Activity: Output the data verbatim, minus the images.

Raw data:
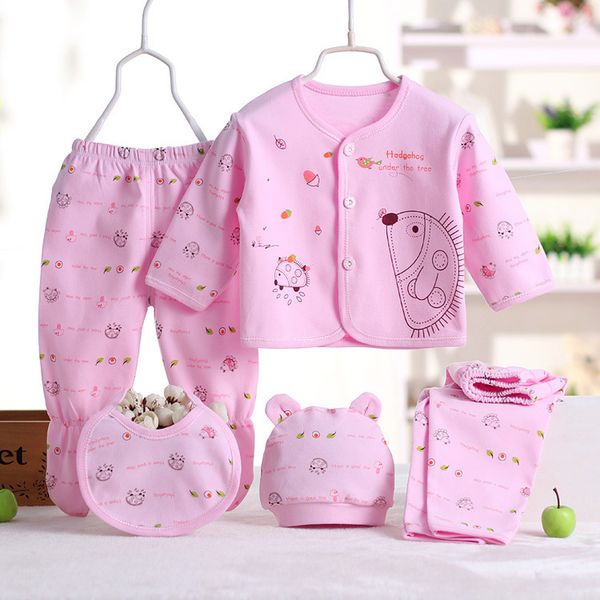 Us 5 9 20 Off Newborn 0 3 Months Baby Boys Girls 5 Pcs Clothing Set Cotton Cartoon Monk Tops Pants Bib Hats Infant Clothes In Clothing Sets From
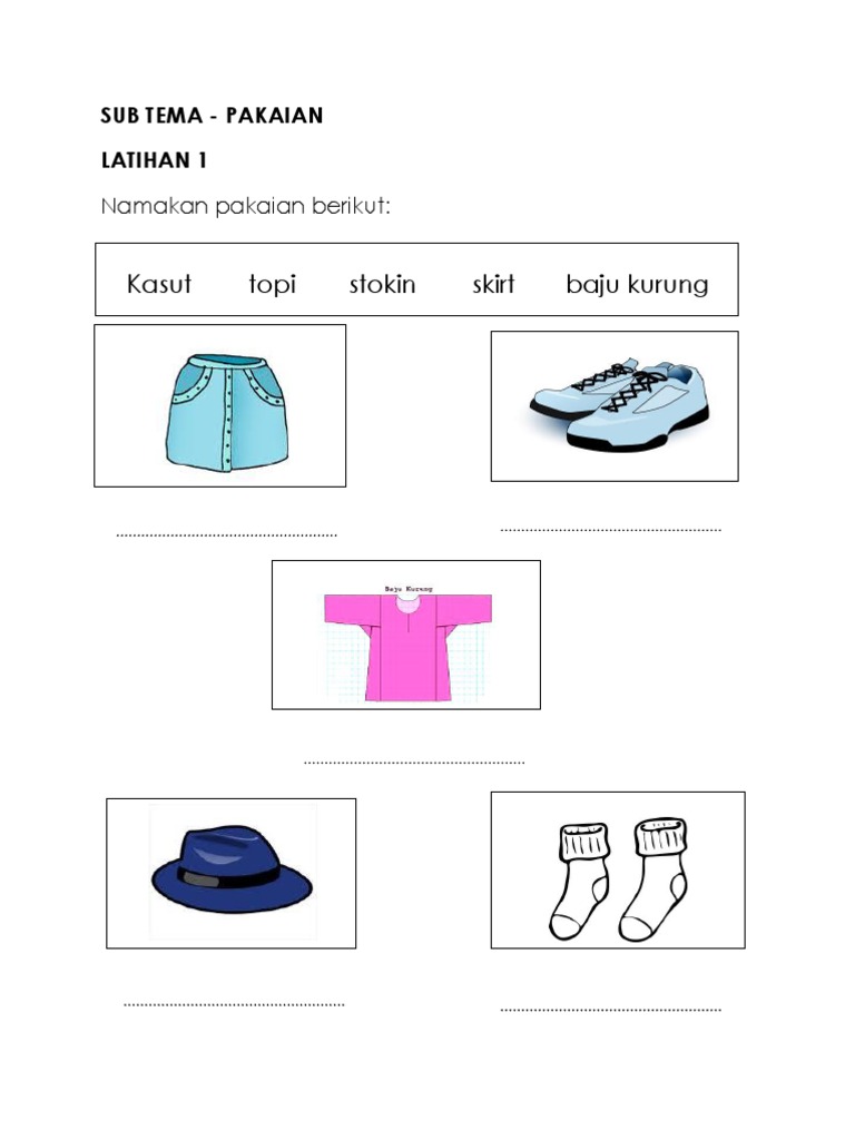 Prasekolah Sk Raja Chulan Lembaran Kerja Tema Pakaian
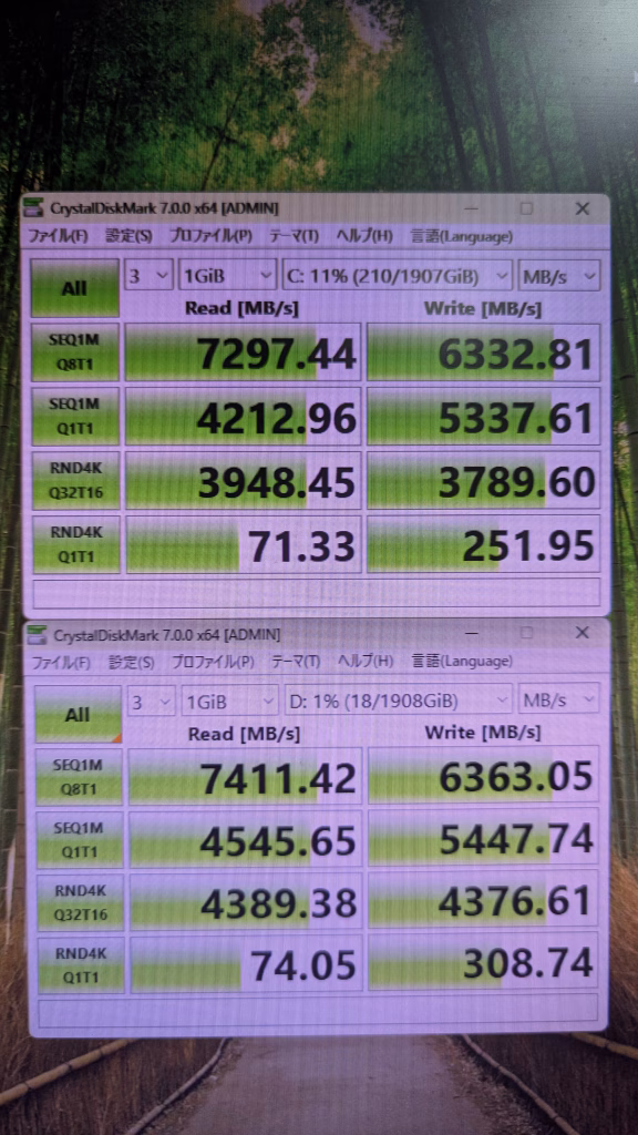 ストレージ読み込み速度 7297 7411 SSD HDDは省略

Exercise result:
 Us 5 9 20 Off Newborn 0 3 Months Baby Boys Girls 5 Pcs Clothing Set Cotton Cartoon Monk Tops Pants Bib Hats Infant Clothes In Clothing Sets From
 Prasekolah Sk Raja Chulan Lembaran Kerja Tema Pakaian
 ストレージ読み込み速度 7297 7411 SSD HDDは省略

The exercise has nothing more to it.